And now back to our regularly scheduled programming. Markets are supposed to reflect costs in prices, which is why it’s not totally nonsensical to say “cost” when you mean “price”; but in fact they aren’t very good at that, for reasons I’ll get to in a moment.

Value

Value is how much something is worth—not to sell it (that’s the price again), but to use it. One of the core principles of economics is that trade is nonzero-sum, because people can exchange goods that they value differently and thereby make everyone better off. They can’t price them differently—the buyer and the seller must agree upon a price to make the trade. But they can value them differently.

To see how this works, let’s look at a very simple toy model, the simplest essence of trade: Alice likes chocolate ice cream, but all she has is a gallon of vanilla ice cream.
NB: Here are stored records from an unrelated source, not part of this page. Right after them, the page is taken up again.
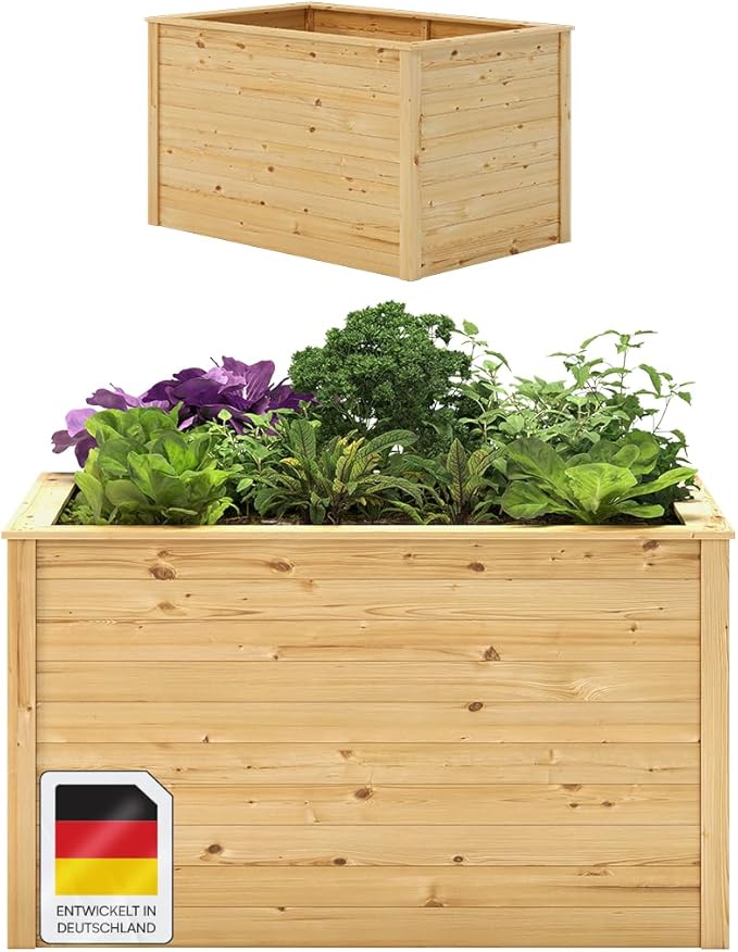 Mit einer imposanten Breite von 123 cm bietet dieses nachhaltige Hochbeete Modell eine ungewöhnlich groĂe AnbauflĂ€che fĂŒr ein Stelzenbeet. Dies ermöglicht die Kultivierung komplexerer Mischkulturen direkt auf dem Balkon oder der Terrasse. Das mitgelieferte Spezial-Pflanzvlies sorgt fĂŒr ein optimales Feuchtigkeitsmanagement und schĂŒtzt die Holzstruktur von innen heraus. Wer eine groĂzĂŒgige, zertifizierte und zugleich preiswerte Lösung sucht, findet hier ein System, das Nachhaltigkeit und funktionales Design meisterhaft kombiniert.
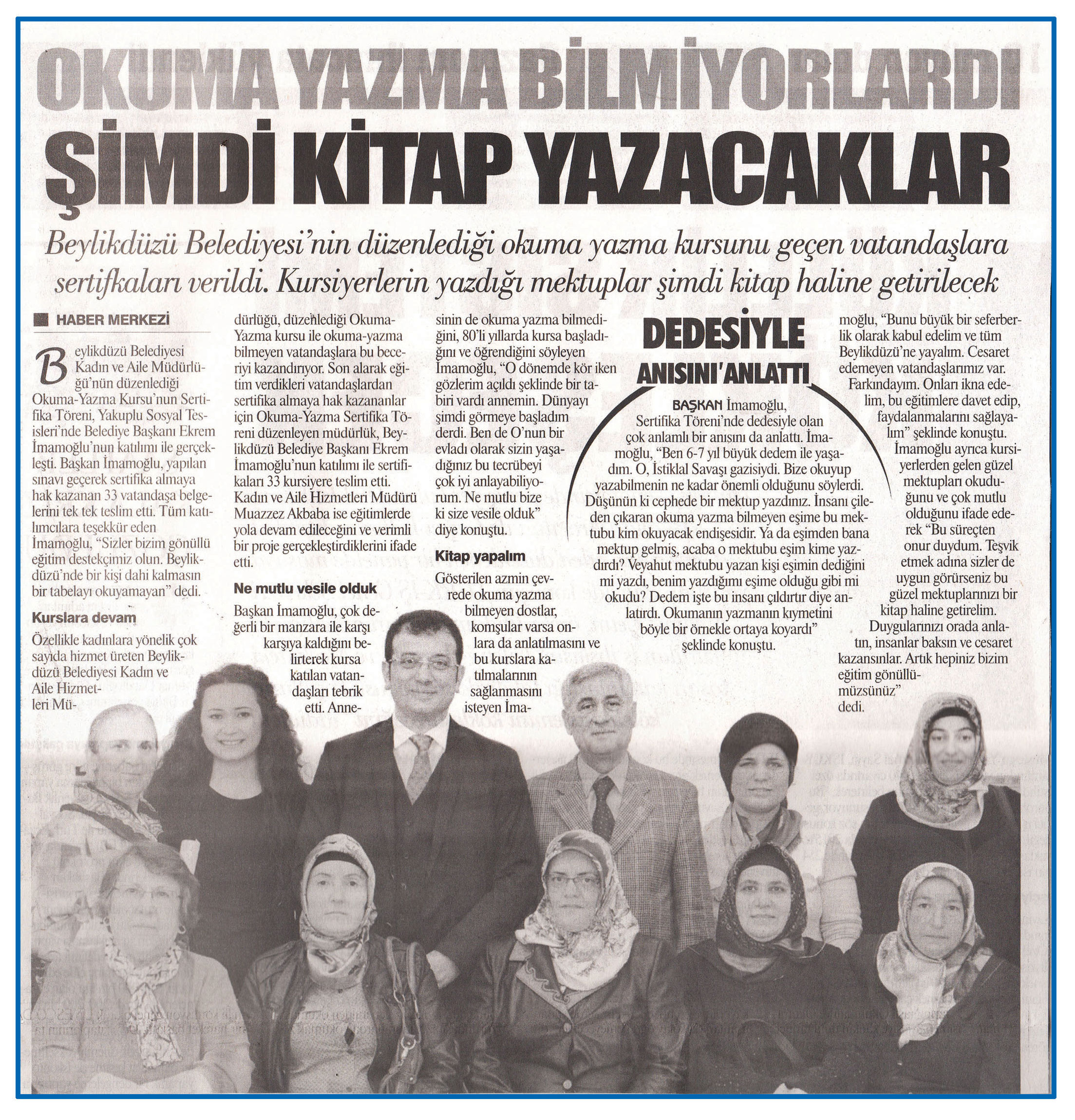 4 Nisan 206 tarihli "GAZETE İSTANBUL" gazetesi. Beylikdüzü Belediyesi'nin düzenlediği okuma yazma kursunu geçen vatandaşlara sertifikaları verildi. Kursiyerlerin yazdığı mektuplar şimdi kitap haline getirilecek.
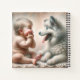 That adorable moment when a baby is face to face with an American Eskimo puppy, their eyes meet, and are oddly fascinated with each other. Perfect for a new mum's Mother's Day gift or birthday gift.

Bob likes vanilla ice cream, but all he has is a gallon of chocolate ice cream. So Alice and Bob agree to trade their ice cream, and both of them are happier.
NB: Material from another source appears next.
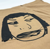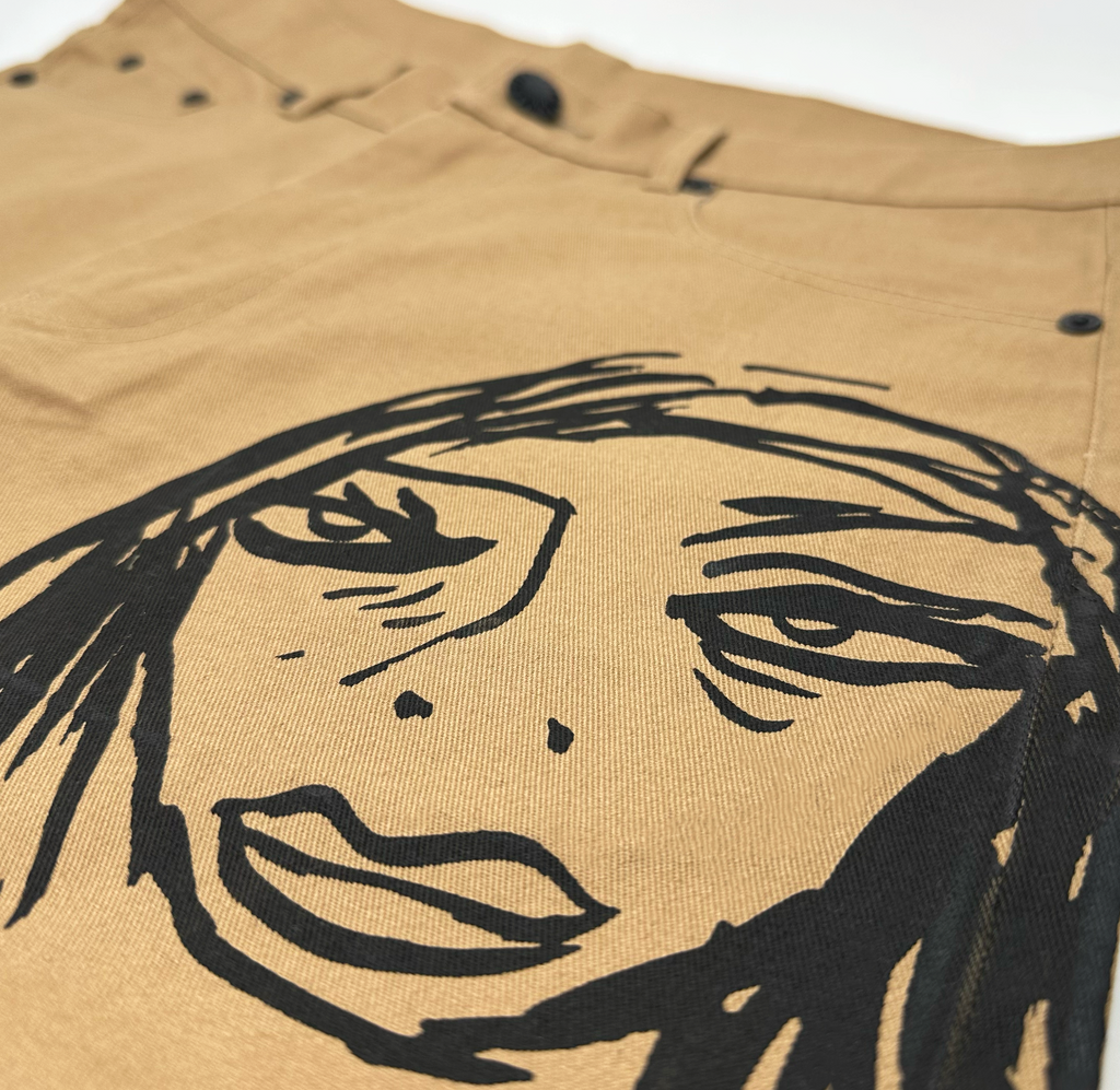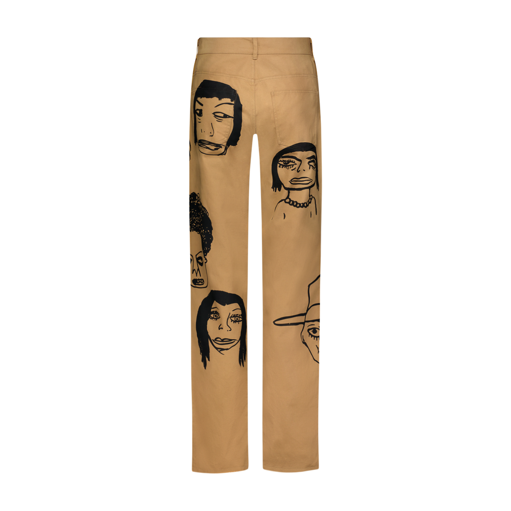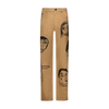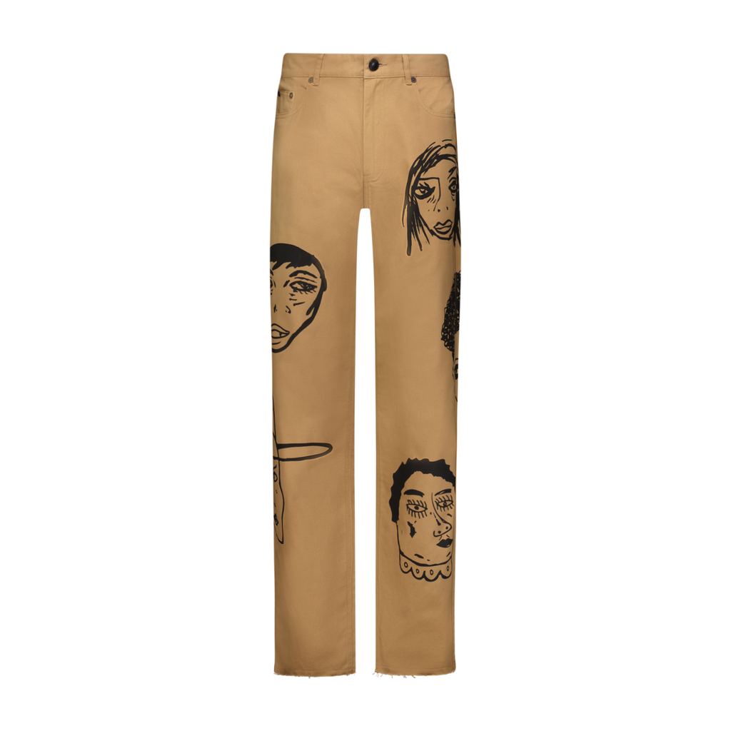 Camel  loose fitting  denim jeans with 8 allover waterbased print original Harif Guzman faces

We can measure value in “willingness-to-pay” (WTP), the highest price you’d willingly pay for something. That makes value look more like a price; but there are several reasons we must be careful when we do that. The obvious reason is that WTP is obviously going to vary based on overall inflation; since \$5 isn’t worth as much in 2016 as it was in 1956, something with a WTP of \$5 in 1956 would have a much higher WTP in 2016. The not-so-obvious reason is that money is worth less to you the more you have, so we also need to take into account the effect of wealth, and the marginal utility of wealth. The more money you have, the more money you’ll be willing to pay in order to get the same amount of real benefit. (This actually creates some very serious market distortions in the presence of high income inequality, which I may make the subject of a post or even a paper at some point.) Similarly there is “willingness-to-accept” (WTA), the lowest price you’d willingly accept for it. In theory these should be equal; in practice, WTA is usually slightly higher than WTP in what’s called endowment effect.
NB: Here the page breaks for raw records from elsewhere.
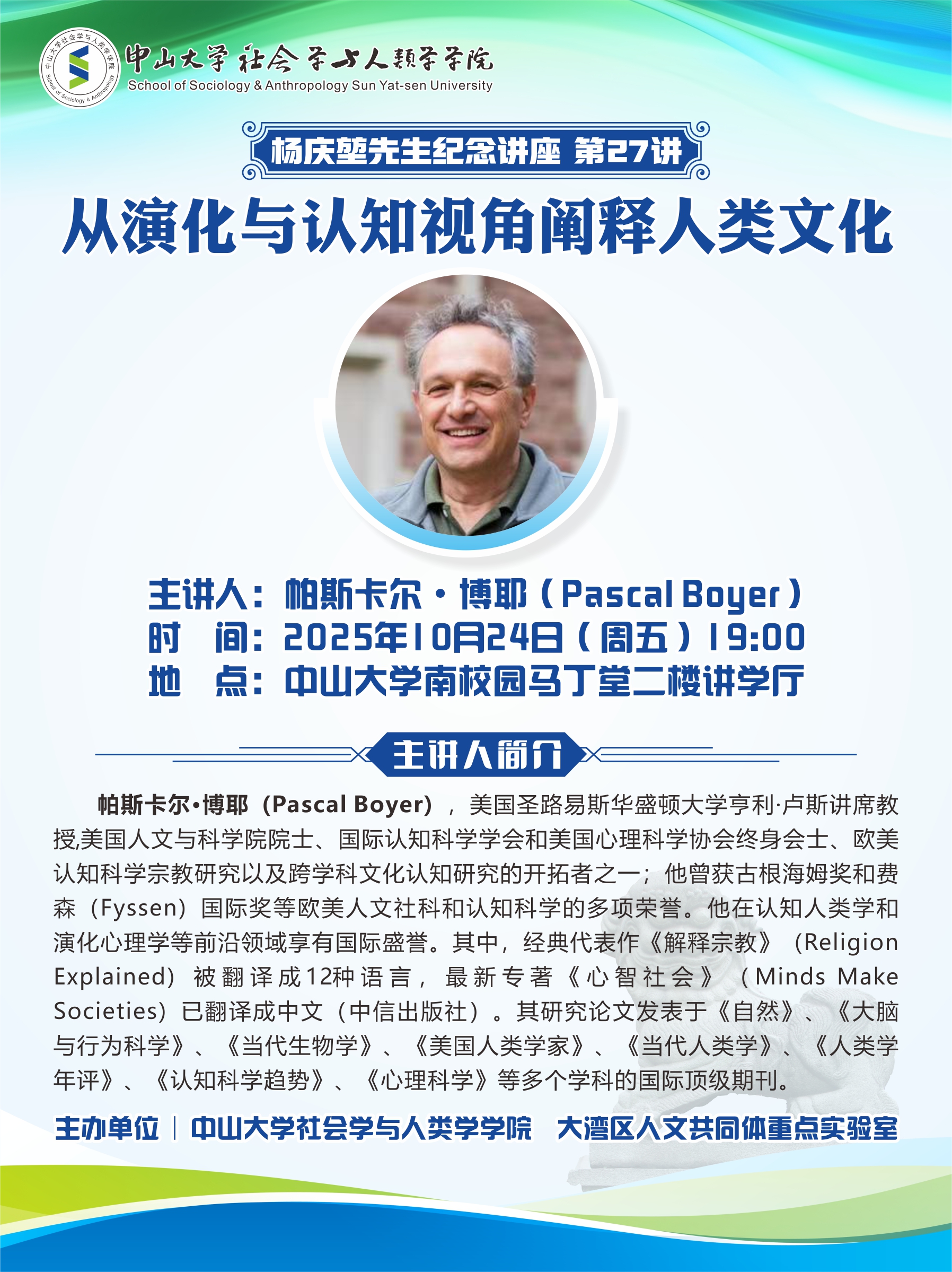 杨庆堃先生纪念讲座(第27讲):从演化与认知视角阐释人类文化
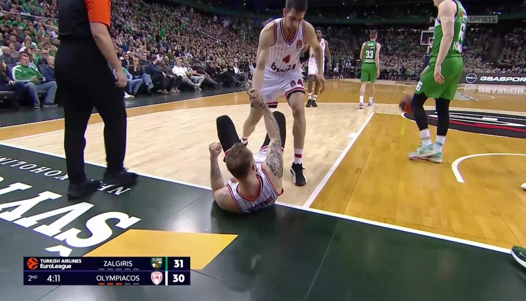 Στα μισά του δεύτερου δεκαλέπτου ο Ιγκνας Μπραζντέικις έβαλε τον Ολυμπιακό μπροστά στο σκορ με ένα ακροβατικό λέι απ και πήρε και το φάουλ από τον Μπιρούτις.
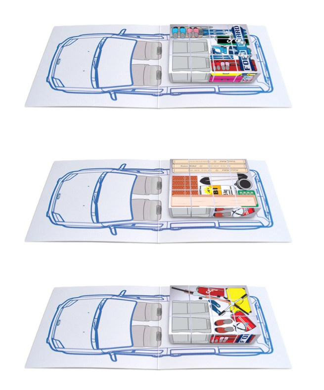 Spiel, Spaß und Probefahrt Ein Erlebnis für die ganze Familie: Das Directmailing, bestehend aus Versandhülle, Anschreiben, Folder und Bastelbögen, ermöglicht es, das Platzangebot und die vielen Einsatzmöglichkeiten des Fahrzeugs spielerisch zu erfahren. Kostenlose Probefahrt inklusive. Ich habe die kreative Leitung des Projekts bei der Agentur Wunderman verantwortet.
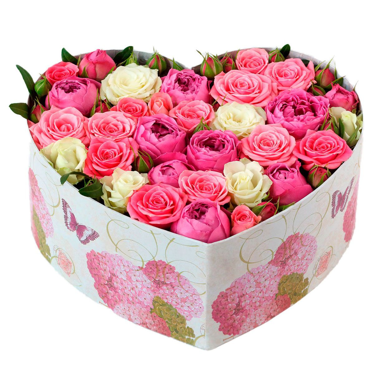 Роза пионовидная розовая, роза кустовая розовая и белая. Упаковка (шляпная коробка, квадратный бокс, коробка сердце, оазис)

So to make our model a bit more quantitative, we could suppose that Alice values vanilla at \$5 per gallon and chocolate at \$10 per gallon, while Bob also values vanilla at \$5 per gallon but only values chocolate at \$4 per gallon. (I’m using these numbers to point out that not all the valuations have to be different for trade to be beneficial, as long as some are.) Therefore, if Alice sells her vanilla ice cream to Bob for \$5, both will (just barely) accept that deal; and then Alice can buy chocolate ice cream from Bob for anywhere between \$4 and \$10 and still make both people better off. Let’s say they agree to also sell for \$5, so that no net money is exchanged and it is effectively the same as just trading ice cream for ice cream. In that case, Alice has gained \$5 in consumer surplus (her WTP of \$10 minus the \$5 she paid) while Bob has gained \$1 in producer surplus (the \$5 he received minus his \$4 WTP). The total surplus will be \$6 no matter what price they choose, which we can compute directly from Alice’s WTP of \$10 minus Bob’s WTA of \$4. The price ultimately decides how that total surplus is distributed between the two parties, and in the real world it would very likely be the result of which one is the better negotiator.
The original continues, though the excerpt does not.